The committee is attempting “an outrageous abuse” of power, a “dangerous precedent,” according to Jordan, one that can be weaponized again in the future. Jordan noted the Jan. 6 panel has only subpoenaed Republicans in its “partisan witch-hunt.”

Jordan’s denial to contribute will force Democrats to weigh whether they will subpoena Republicans and potentially treat them like they have advisers to former President Donald Trump, holding them in criminal contempt by President Joe Biden’s Justice Department.

“I can’t, off the top of my head, recall a case in which a committee other than the Ethics Committee has subpoenaed a member of the House, ever,” Stanley Brand, who is representing former deputy White House chief of staff Dan Scavino before the committee, told The Washington Post.

Brand noted the danger of this action by Democrats in Congress — it can boomerang back on them, particularly as Republicans have repeatedly argued House Speaker Nancy Pelosi, D-Calif., is the official in charge of Capitol security.
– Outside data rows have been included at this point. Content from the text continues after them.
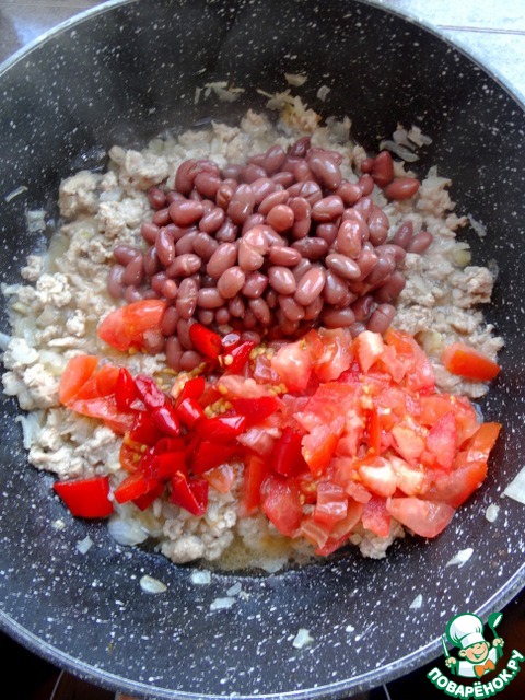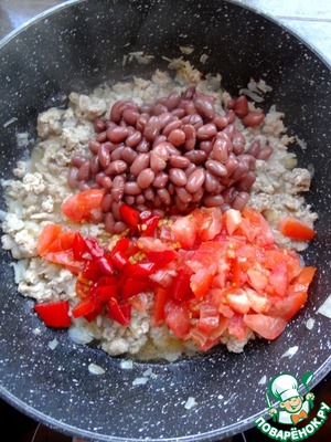 Добавить в луково-чесночный фарш нарезанные помидоры, фасоль без жидкости и острый перец (у меня он уже был нарезан).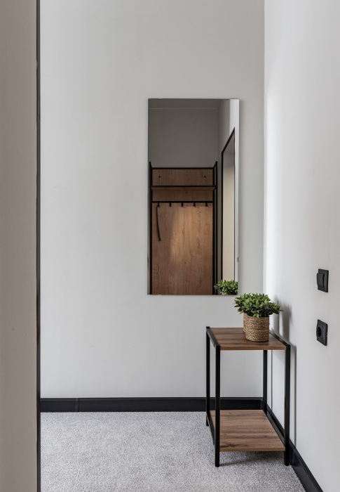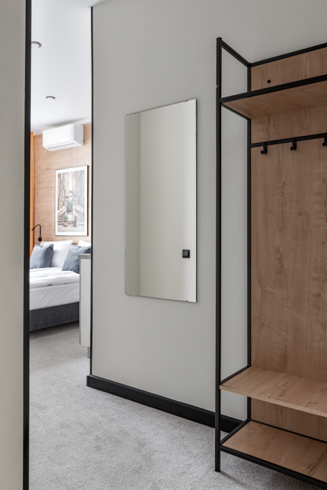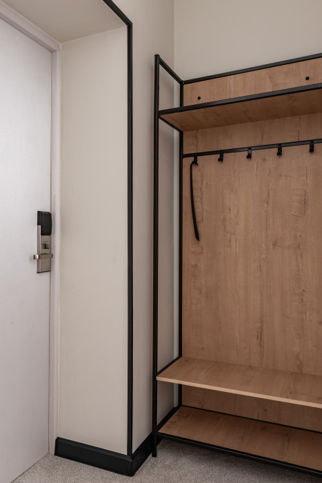 В номере: мини-кухня (микроволновая печь, плита, холодильник, посуда, столовые приборы, чайник), телевизор, кондиционер, обеденный стол, шкаф, вешалки, зеркало, тумба, стул, тапочки, светонепроницаемые шторы.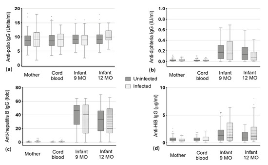 Vaccine-specific immunoglobulin (Ig) G levels to (a) poliomyelitis (polio), (b) diphtheria, (c) hepatitis B and (d) Haemophilus influenzae type B (HiB) antigens in maternal blood and cord blood at delivery and the infants at 9 and 12 months (MO) of age. Dots represent the outliers not removed by ROUT method.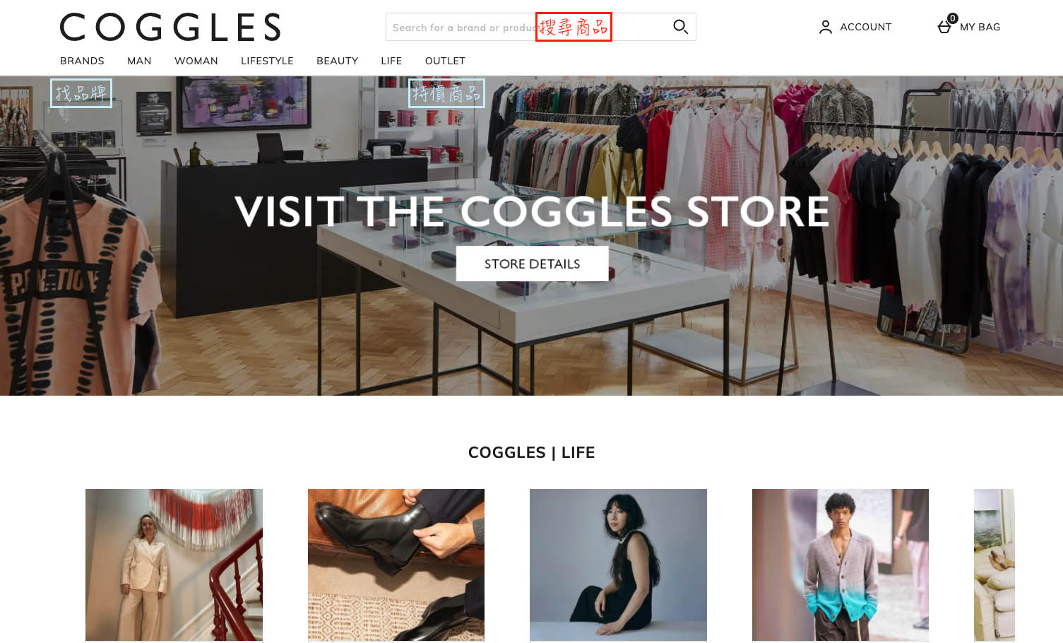 COGGLES官網是英文介面,官網網羅的國際知名品牌超級多,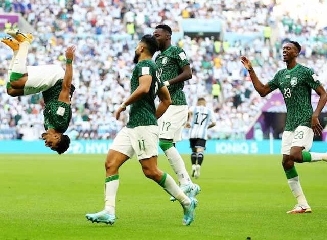 فيفا فٽبال ورلڊ ڪپ جي مقابلي ۾ ليجنڊ فٽبالر ليونل ميسي جي ٽيم ارجنٽينا کي سعودي عرب هٿان اپ سيٽ شڪست ٿي وئي آهي. ميڊيا مطابق دوحا ۾ جاري ايونٽ جي گروپ سي جي ميچ ۾ سعودي عرب هڪ جي مقابلي ۾ 2 گولن تان فتح ماڻي ورتي آهي. رانڊ شروع ٿي تھ ارجنٽينا جي ڪپتان ليونل ميسي 9 منٽ ۾ پهريون گول ڪيو، ان بعد هن ٻھ ڀيرا بال ڄار ۾ اڇليو، پر ريفري انهن کي فائو قرار ڏئي ڇڏيو. جڏهن تھ سعودي عرب جي رانديگرن جارحاڻي راند کيڏي آهي، جنهن ۾ 48 منٽ ۾ صالح الشهيري گول ڪري ارجنٽينا جو حساب برابر ڪري ڇڏيو، جنهن بعد سليم الدواسري ٺيڪ 5 منٽن بعد ٻيو گول ڪري ٽيم کي ڪاميابي ڏياري ڇڏي، پر ليونل ميسي سميت سندس ٽيم مان ڪنهن گول نھ ڪيو.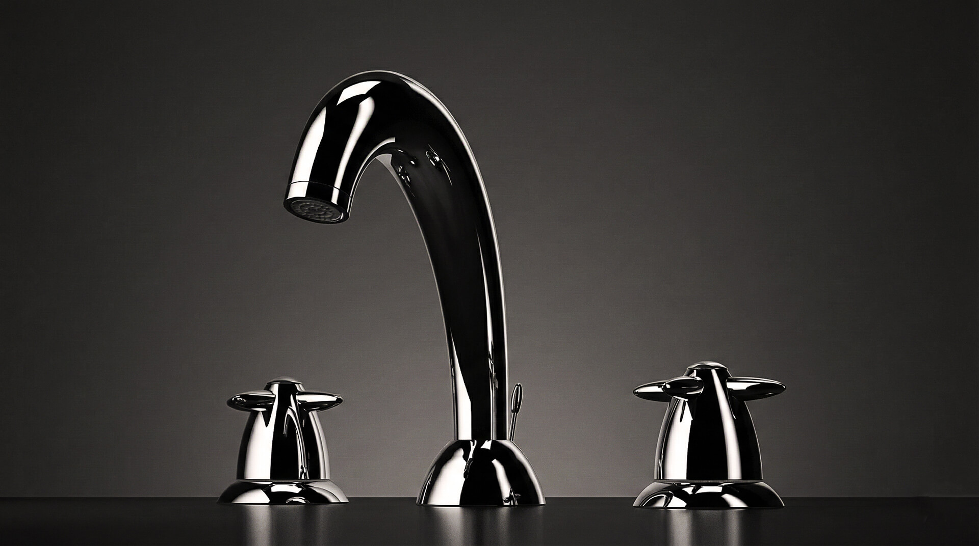 Rubinetteria lavabo Compass, vista frontale su fondo scuro con corpo centrale e due manopole.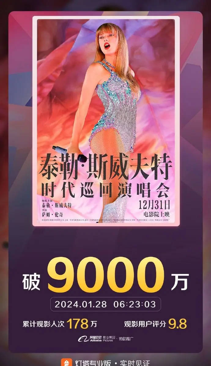 搜狐娱乐讯 据灯塔专业版,截至1月27日06时23分,影片《泰勒·斯威夫特:时代巡回演唱会》票房突破9000万!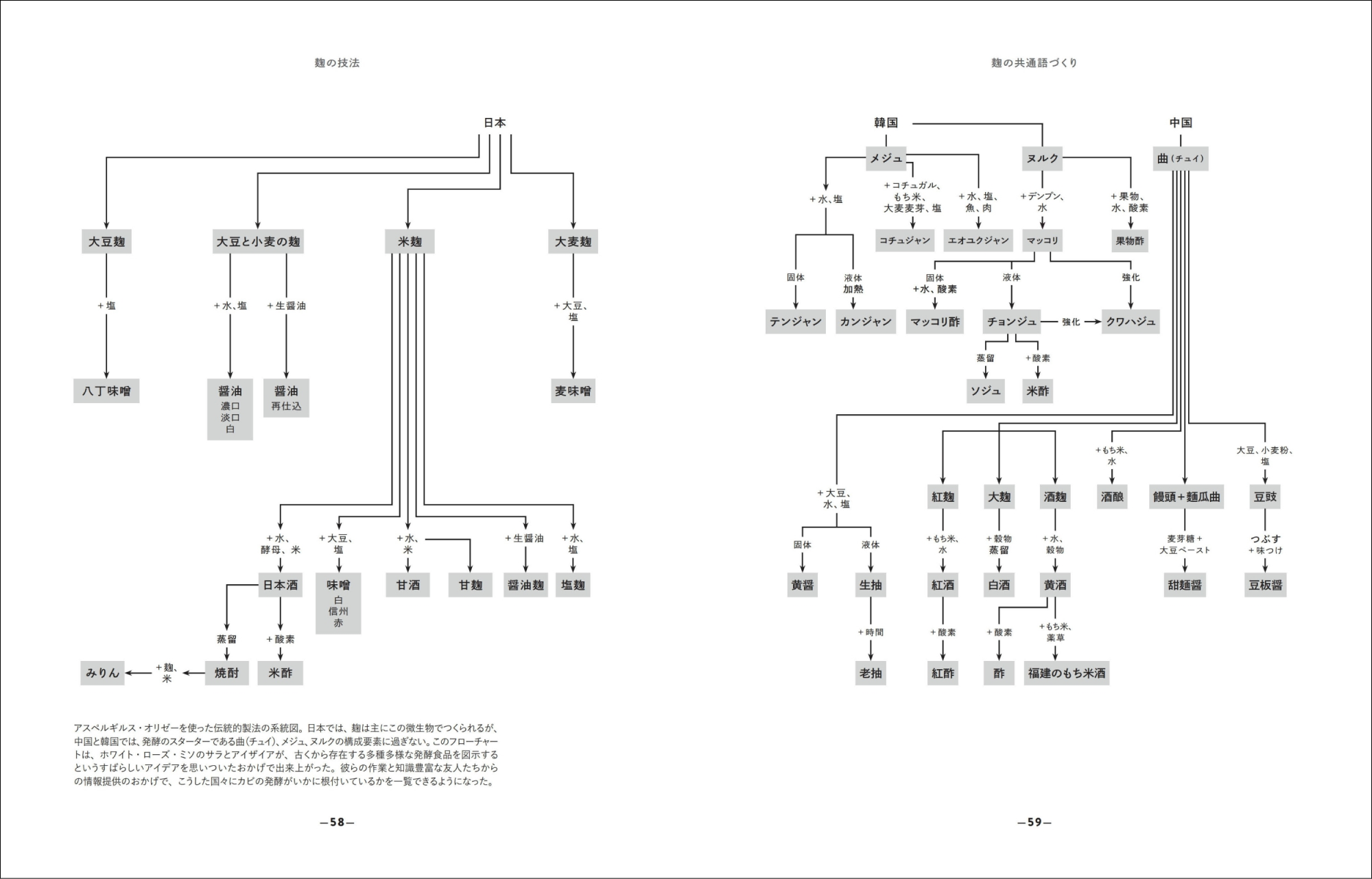 日本の麹は主にアスベルギルス・オリゼーでつくられますが、中国と韓国では、発酵スターターである曲(チュイ)、メジュ、ヌルクに含まれる微生物のひとつにすぎません。この系統図で、国々にカビの発酵がいかに根付いているかを一覧することができます。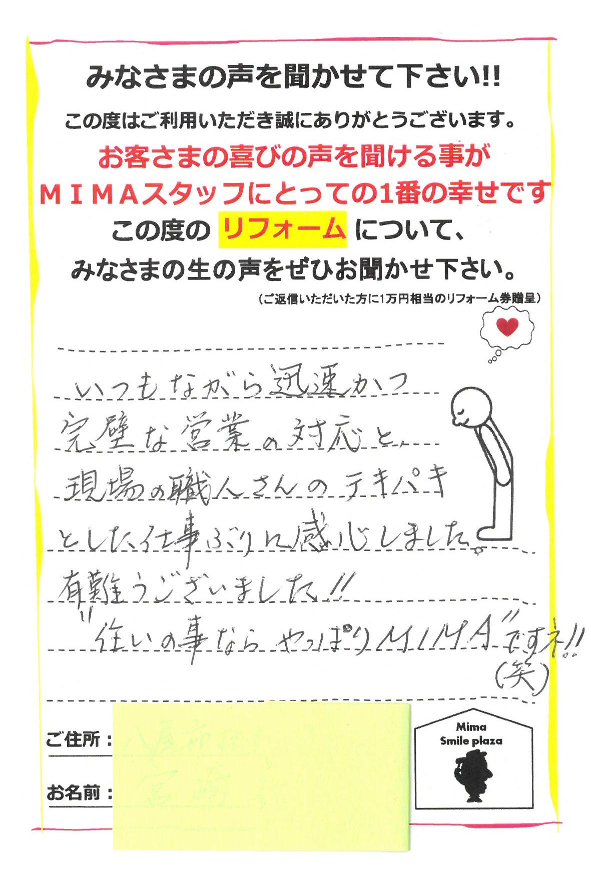 いつもながら迅速かつ完璧な営業の対応と、現場の職人さんのテキパキとした仕事ぶりに感心しました。有難うございました!! ”住まいの事ならやっぱりMIMA”ですネ!!(笑)

“What would stop a committee from subpoenaing members of the opposite party to obtain a political advantage?” Brand told the Post. “That is why the Ethics Committee is evenly split — to prevent abuse of the minority by the majority.”

The House can subpoena its own members by precedent, because the House Ethics Committee does it regularly to conduct oversight, lawyer Mike Stern told the Post.

“Democrats overstepped and overpromised, and they know it,” according to Rep. Jim Banks, R-Ind., one of two Republicans denied seats on Pelosi’s anti-Trump committee, forcing House Minority Leader Kevin McCarthy, R-Calif., to withdraw all five GOP nominees and refuse to participate.

“The Russia hoax was exposed as a fraud, and this is their attempt to appease disappointed radicals who fantasize about putting Republicans in jail,” Banks told the Washington Examiner.

Despite the congressional norm of leaving just the Ethics Committee to force compliance to subpoena House members, Thompson, the chairman of the Jan. 6 select committee vowed “no reluctance to subpoena” Republicans, which can ultimately lead to criminal contempt charges as they have done with Steve Bannon and former White House chief of staff Mark Meadows.

“The American people are tired of Democrats’ nonstop investigations and partisan witch-hunts,” Jordan wrote in his letter to Thompson on Sunday.